Cortez studied him silently. “I had a Spanish ancestor somewhere.”
“It doesn’t show,” Drake said flatly. “I imagine you fit in just fine with your people.”
“Your people outnumber us.”
“Which half of my people do you mean?” Drake asked ruefully.
“The Indian half. And even among my people, there are only about nine hundred of us who still speak Comanche,” Cortez said. “The language is almost dead. At least Cherokee is making a comeback.”
“No two people speak it alike,” Drake said. “But I get your point—it’s still a viable language.” He looked at the little boy with soft eyes. “Going to teach him how to speak Comanche?”
Cortez nodded. His eyes narrowed thoughtfully as he studied Drake. “But he’ll have your problem. His mother is white.”
Drake was looking at the sleeping child intensely. “Does she live with your people?”
Cortez’s eyes flashed. He averted them. “She…died a month after Joseph was born,” he said reluctantly.
“Sorry,” Drake said at once.
“It wasn’t that sort of marriage,” the older man said coldly. “I appreciate the notes. Did Phoebe tell you to give them to me?”
“She said they might be useful to the FBI,” Drake hedged.
Cortez’s big hand absently smoothed the sleeping child’s back. He stared ahead of him without seeing anything. “She lives in a dangerous place, so far out of town.”
“I’ve got the guys doing extra patrols,” Drake said. “She knows how to shoot.

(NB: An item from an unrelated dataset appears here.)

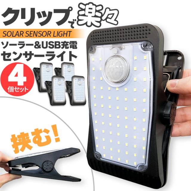 クリップソーラーライト 4個セット センサーライト ガーデンライト USB充電 ソーラー充電 昼白色 電球色 防犯灯 3000mAh蓄電池 アウトドア キャンプ ソーラー ソーラーライト 暗闇センサー 動体センサー人感 照明 IP44防水 防犯 人 庭 ガーデン 階段 室内 室外

I think if her life depended on it, she would use it to protect herself.”
“She’d shoot to wound an attacker and she’d be dead in seconds,” he said flatly.

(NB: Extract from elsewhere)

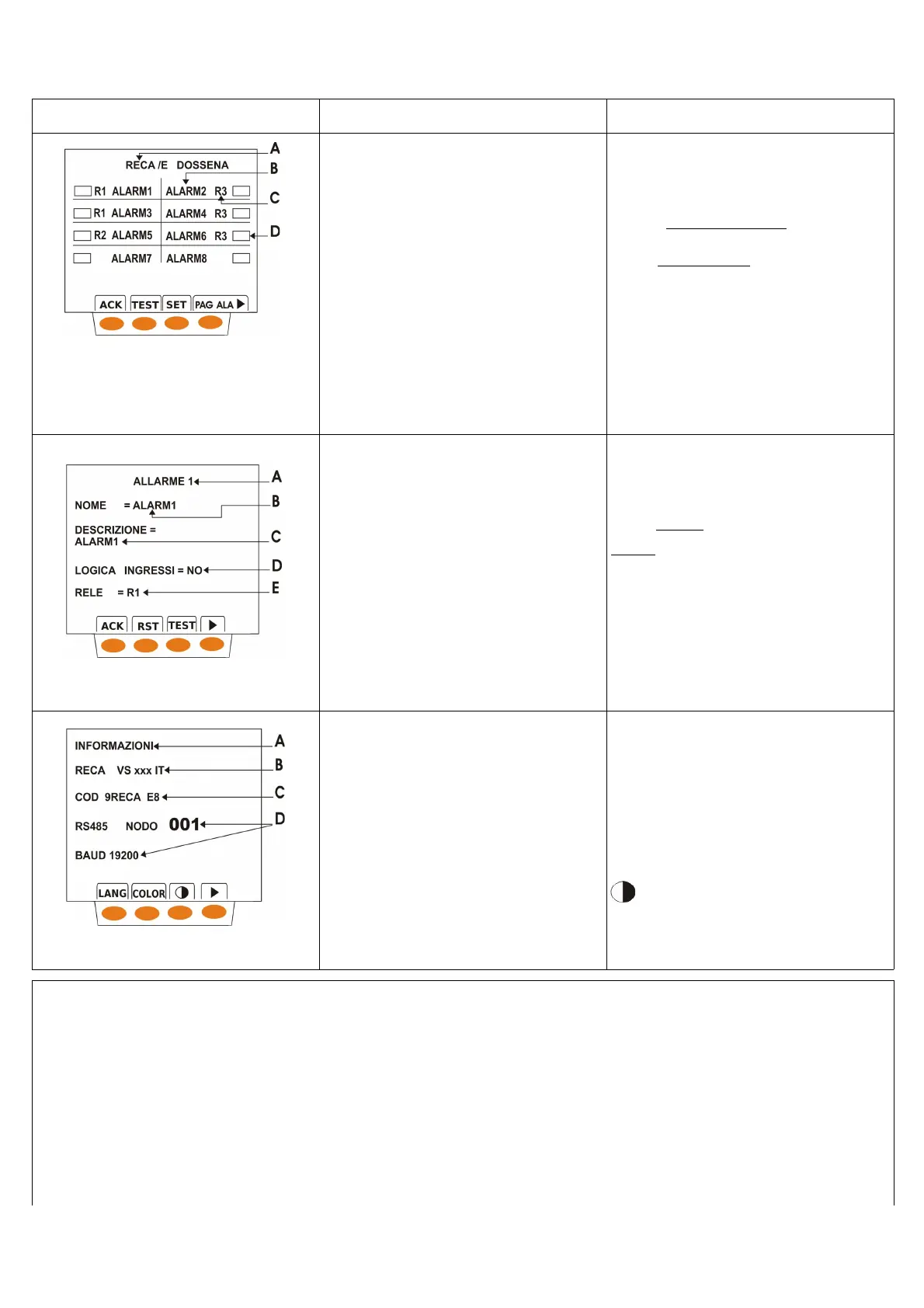 D - Stato allarmi: rettangolo pieno = allarme attivo,

“You’re full of cheer,” Drake said with faint sarcasm.
Those coal-black eyes pierced his face. “Why did he call her?” he asked abruptly. “Why not go to the state authorities or local law enforcement…why Phoebe?”

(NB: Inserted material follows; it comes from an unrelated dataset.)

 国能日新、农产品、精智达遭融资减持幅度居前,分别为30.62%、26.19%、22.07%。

Drake frowned. “Well…I don’t know.”
Cortez lifted the sheet of paper again and studied it. His eyes narrowed. “He mentioned a daughter.”
“That’s about as much as we know about this John Doe,” Drake said grimly. “His fingerprints aren’t on file in any database. That’s the first thing we checked..”
“I know. Our investigator ran them last night,” Cortez told him. “We drew a blank as well, and I won’t tell you how our criminalist convinced the lab to leapfrog over other pending cases to do ours.”
“The anthropologist was of Cherokee descent,” Drake reminded him. “That means he might have relatives on the Rez…”
“That’s an assumption. The larger part of your nation is in Oklahoma,” Cortez interrupted.
Drake stopped speaking with his mouth still open. “That’s right!”
“I live in Oklahoma,” Cortez murmured absently. “So we’re left with two questions. What the hell was he doing here, and where did he come from? Maybe he has a car, but in another state.”
“That’s a lead I’ll check out as soon as I get back to work. I’ll go see the tribal council, too,” Drake told him. “Maybe he’s got relatives in one of our clans. If so, the same clan in Oklahoma would know him, if he’s from there.”